Warum Pin-up-Girls auf Milchflaschen einfach nur nerven

Müllermilch bewirbt seine Weihnachtsedition mit Pin-Up-Girls in schlüpfrigen Posen und kassiert dafür einen Shitstorm. Wie oft müssen wir uns noch über kalkulierten Sexismus aufregen?

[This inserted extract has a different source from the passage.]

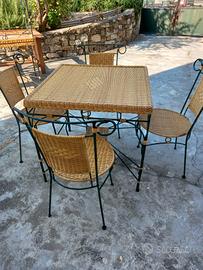 tavolo in ferro battuto e vimini di scozia con 4 sedie a scelta, normali o con braccioli. Sul piano c'è il vetro Misura 80x80. i tavoli sono disponibili in provincia di Alessandria volendo li possiamo consegnare con il trasporto a parte
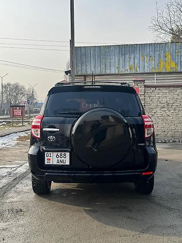 Toyota RAV4, 3-е поколение (рестайлинг). Кузов — чёрный кроссовер 5‑дверный. Ключевые особенности: - Полноразмерная запаска на двери багажника с фирменным кожухом. - Литые диски, всесезонные шины....

Mensch, Müller! Zwei Tage habe ich versucht, euren Pin-Up-Girls zu entkommen. Natürlich habe ich mich über "Sharon Sheila Schoko" aufgeregt. Über das knackige Stück Schokolade, das ihr vor ihrem knackigen Busen drapiert habt und das so gut zu ihrer Hautfarbe passt (von ihrem bekloppten Namen mal ganz abgesehen). Und über ihre lüsternen Schwestern, die wahlweise

  • auf einer Banane reiten
  • auf dem Boden liegen, Beine in der Luft, Nuss überm Busen
  • dekorativ in einer Vanilleblüte sitzen und an ihrem Weihnachtsmützenbommel spielen
  • ...

Aber noch viel mehr regt es mich auf, wie ihr mit dem Shitstorm - der euch ja sicher völlig überrascht hat - für ein mäßig spannendes Produkt maximale Aufmerksamkeit bekommt und damit Themen, die weitaus wichtiger sind, den Raum nehmt. Mit diesem Tweet samt Bild aus einem Supermarktregal ging die erneute Debatte um Sexismus und Rassismus in der Werbung los:

Damit blieb der Journalist Marc Bourkel nicht lange allein - auch eine Petition wurde inzwischen gestartet. Ziel: "Kein Sexismus auf Milchshake-Flaschen!" Hashtag: #misogyniemilch. Unterschriften: mehr als 11.000.

Und weil auch die Medien die Flaschenschelte schnell aufgriffen, kamt ihr noch am gleichen Tag mit einer Stellungnahme ums Eck:

"Die gewählten Motive lehnen sich in ihrer Optik an die Pin-Up-Darstellungen der 50er Jahre an und sind deshalb weitaus weniger freizügig als das, was seit einigen Jahren oftmals in Anzeigen, TV-Spots und quer durch alle Medienformen tagtäglich an nackter Haut zu sehen ist."

Da ist sie wieder, die beliebte "Wenn alle das machen, darf ich das auch"-Argumentation. Die anderen sind sowieso immer schlimmer. Und mit Rassismus habt ihr schon mal gar nichts am Hut:

"Den gleichen, falschen Vorwurf müssten wir uns gefallen lassen, hätten wir auf die Figur der 'Sharon Sheila Schoko' verzichtet und ausschließlich weiße Motive verwendet."

Leute, das ist doch eine Milchmädchenrechnung. Warum verzichtet ihr nicht einfach komplett auf das Werbemotiv "Frau, freizügig"? Ein Kausalzusammenhang besteht ja ohnehin nicht. Oder kommt eure Milch nicht aus der Kuh?

Ihr schließt euer Statement mit dem Hinweis, dass eure Werbemotive "letztendlich reine Geschmackssache" seien, die "nicht überinterpretiert" werden sollten. Unabhängig davon, dass die Motive, wenn wir mal ehrlich sind, nicht viel Interpretationsspielraum lassen:

Nein, das ist keine Geschmackssache. Das ist kalkulierter Sexismus.

Ich habe keine Lust mehr, mich im Jahr 2015 noch immer über Macho-Werbemotive aufzuregen, die bewusst diskriminieren, um Aufmerksamkeit zu erzeugen. Fällt euch wirklich nichts Besseres ein?

Vielleicht überrascht ihr uns ja beim nächsten Mal mit einer innovativeren Werbeidee. Bis dahin lasst uns das Themenregal räumen - für weniger Sharon und mehr Substanz.